Solar panel statistical tests

Summary

In this activity, students will use t-tests and Anova tests to determine whether there is a statistically significant difference in the number of watts of power produced on individual solar panels situated at Bryn Mawr College in Bryn Mawr, PA.

A data set is provided, though students will be encouraged to collect their own data at the Bryn Mawr website.

Learning Goals

It will build student skill in analyzing data in mechanisms designed to benefit society.

Students will gain practice in using statistics to demonstrate effectiveness.

Students will be encouraged to design an experiment to compare power from solar panel configurations.

Context for Use

This activity is appropriate for an individual or small group HW assignment in an introductory statistics class that covers t-tests and ANOVA tests.

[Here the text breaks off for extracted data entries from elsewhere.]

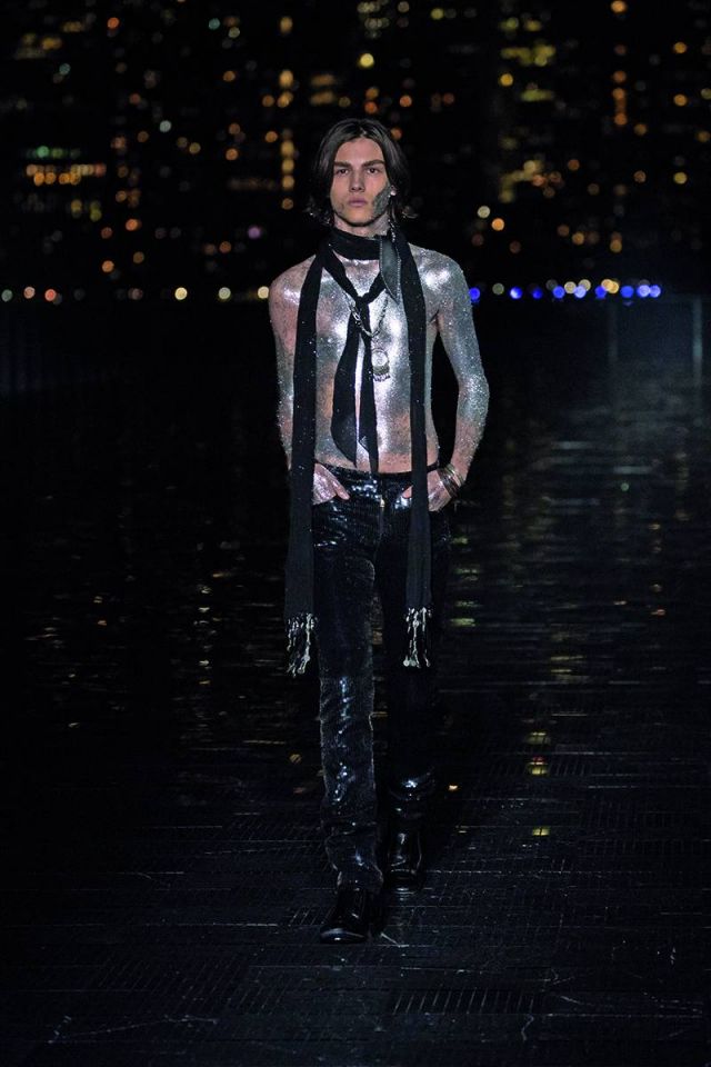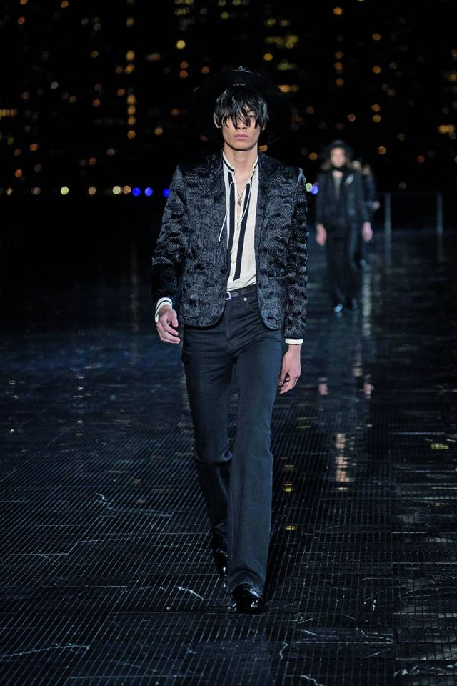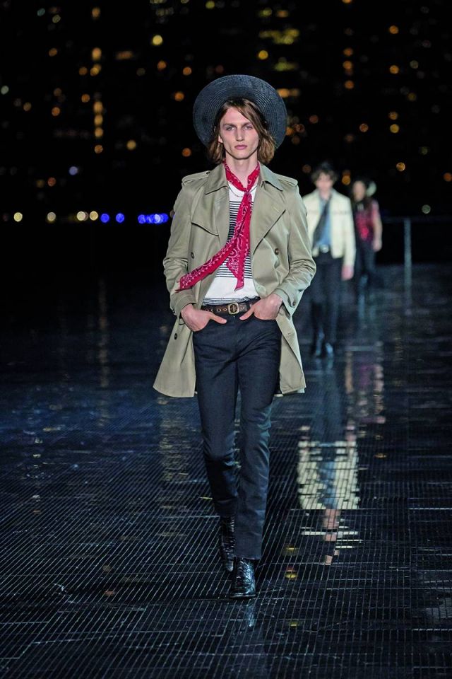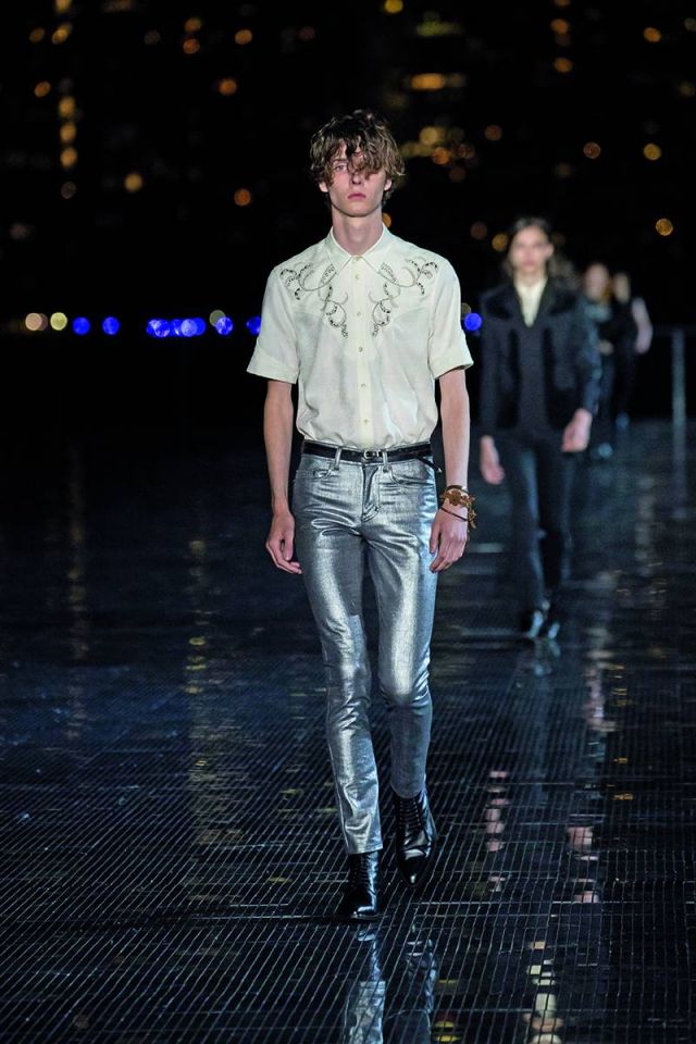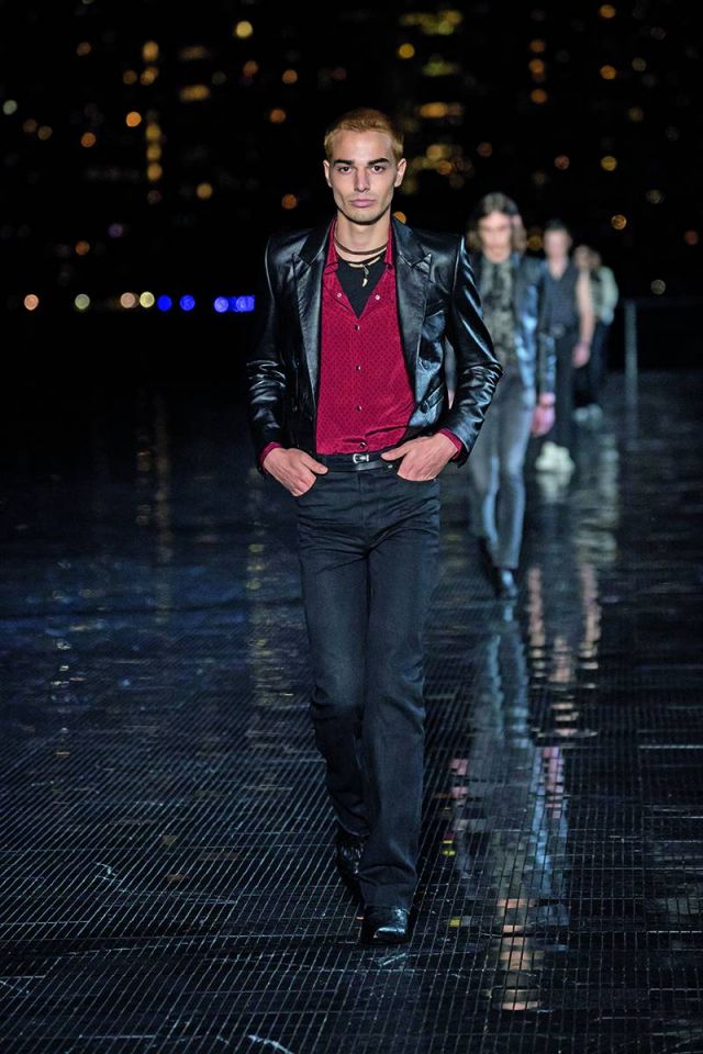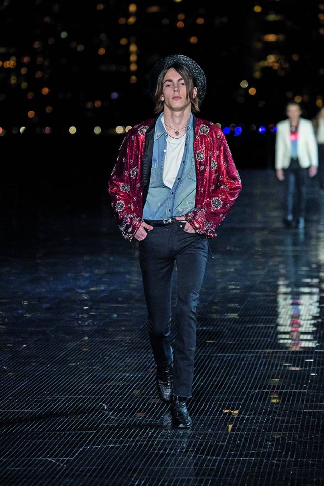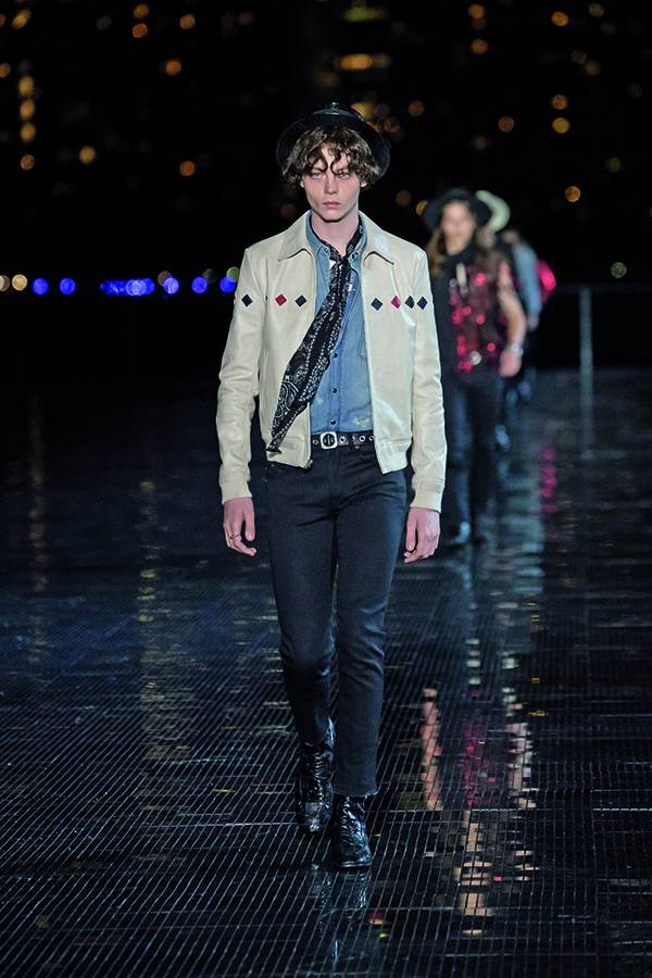 رغم مساهمته في تصميم بعض القطع خلال العامين الأولين من تسلّمه منصب المدير الإبداعي لدى دار سان لوران العريقة، إلا أن مجموعة الملابس الرجالية لموسم ربيع/صيف 2019 تعتبر الأولى للمصمّم Anthony Vaccarello بكاملها. وقد تمّ عرض هذه المجموعة المميزة التي تجسد الغرب الأميركي في حديقة Liberty State Park حيث شكّلت حدثاً رائعاً ومنظماً جمع حشداً كبيراً من أبرز الشخصيات المهمّة في عالم الأزياء والسينما والإعلام على مدرج فضي وممشى رخامي يواجهه مباشرة أفق مدينة مانهاتن الباهر. وقد مزجت المجموعة أسلوب موسيقى الروك أند رول مع مؤثرات الغرب الأميركي، حيث طغت الجاكيتات الجلدية السوداء وسترات السفاري وعِصابات الرأس والسراويل المطرّزة بالكامل بالترتر والأحذية المصنوعة من جلد الثعبان لتمنح عشّاق العلامة الفرنسية العريقة خزانة كاملة من ملابس رعاة البقر للرجل الذي يعيش في مدينة نيويورك بأسلوب السبعينيات.
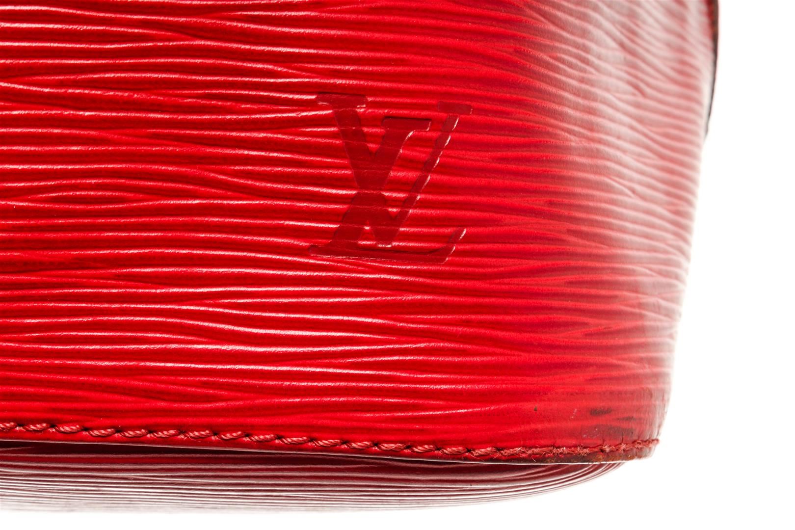 One Louis Vuitton Red Epi Leather Noe PM Bag. Item is sold AS-IS. All available information is listed in the description and shown in the photo. Louis Vuitton Red Epi Leather Petit Noe Bag with gold-tone hardware, red leather trim, red suede lining, single adjustable leather shoulder strap, and drawstring closure. .
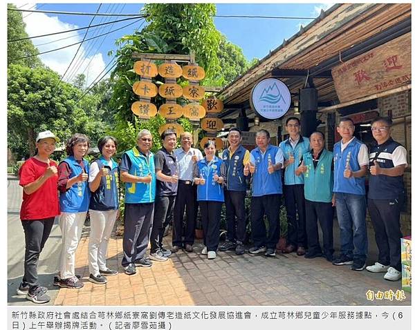 新竹縣政府社會處結合芎林鄉紙寮窩劉傳老造紙文化發展協進會,成立芎林鄉兒童少年服務據點,今(6日)上午舉辦揭牌活動。(記者廖雪茹攝)
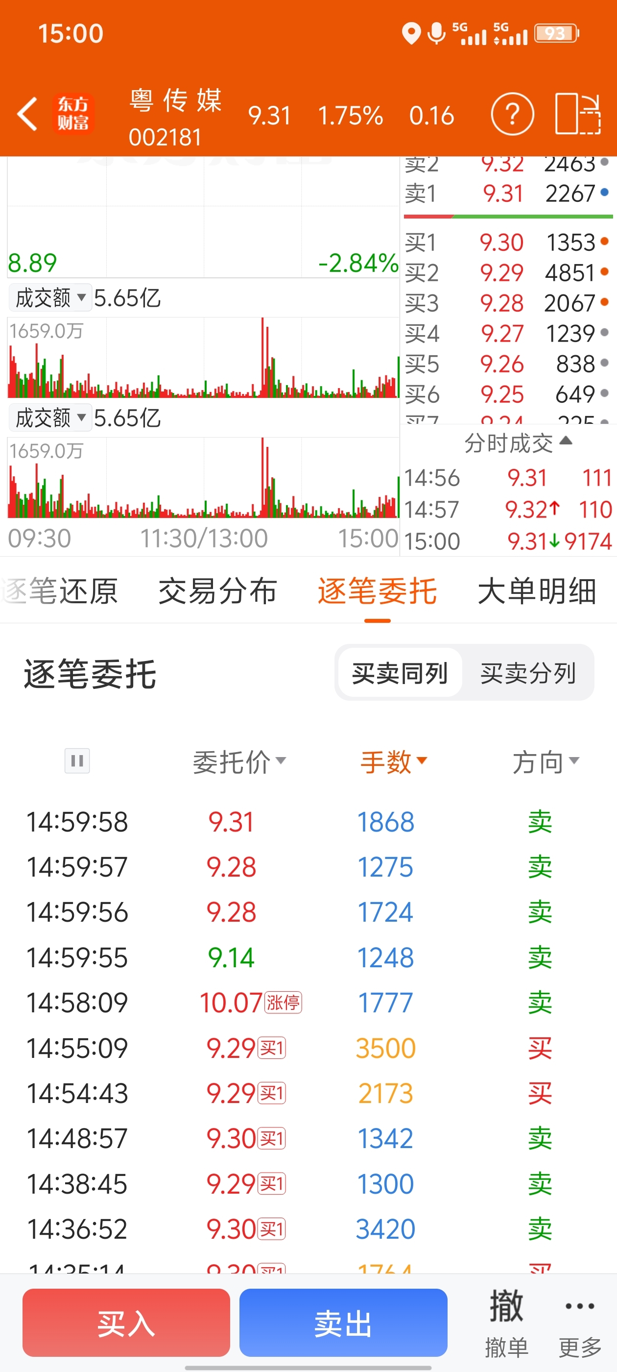 $粤 传 媒(SZ002181)$ 跟昨天一样,尾盘竞价大单苟抢跑,等钱
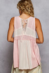 [message]Add soft romance to your wardrobe with this dreamy pleated tank top featuring a delicate blend of blush pink and cream color blocking. The pleated texture adds depth and elegance, while the lace-trimmed neckline and adjustable tie front bring a touch of feminine charm. Designed in a flowy, lightweight silhouette, this sleeveless top offers breathable comfort for warm-weather wear and effortless styling. Whether worn solo for casual days or layered under a cardigan, its bohemian-inspired details make it a go-to piece for spring and summer vibes.

Description and Teaching Materials

The downloadable Word document contains an introduction, a data set, a link to a web page where the students can find additional data, and a set of homework questions. Solar panel statistical tests (Microsoft Word 2007 (.docx) 21kB Mar16 13)

Teaching Notes and Tips

- The data set given here is fairly small. If the students are given time, they can go the Bryn Mawr website to collect their own larger set of data or augment the one given. - In order to use an ANOVA test, the underlying data should be somewhat normal. That will not happen if cloudy days, when little or no solar power is produced, are included. (This is why data from March 12 was not included and is why the times were chosen when power was at its maximum for the day.) Although the ANOVA test is fairly robust, these issues should be discussed. - For question 6, students should use a two-sample t-test. As before, a larger data set would allow a more powerful test. - Question 7 is not trivial. One possibility would be to collect data at, say, n=20 times for, say, k=5 different positions of the panels at Top of Pole. For each of the five positions, calculate the difference in the mean panel output between the 2*20=40 readings from the Top of Pole panels and the 12*20 = 240 Ground Mount panels. One will then have five samples of data, each with 20 differences. One could use an ANOVA test to determine whether the difference in means of those five samples is statistically significant. Of course, one would need to be on site to actually execute this experiment, which leads us to the next point. - It will be much more interesting to the students if they can use data from your school or community! Determine whether such data is available and use it instead of what is given here.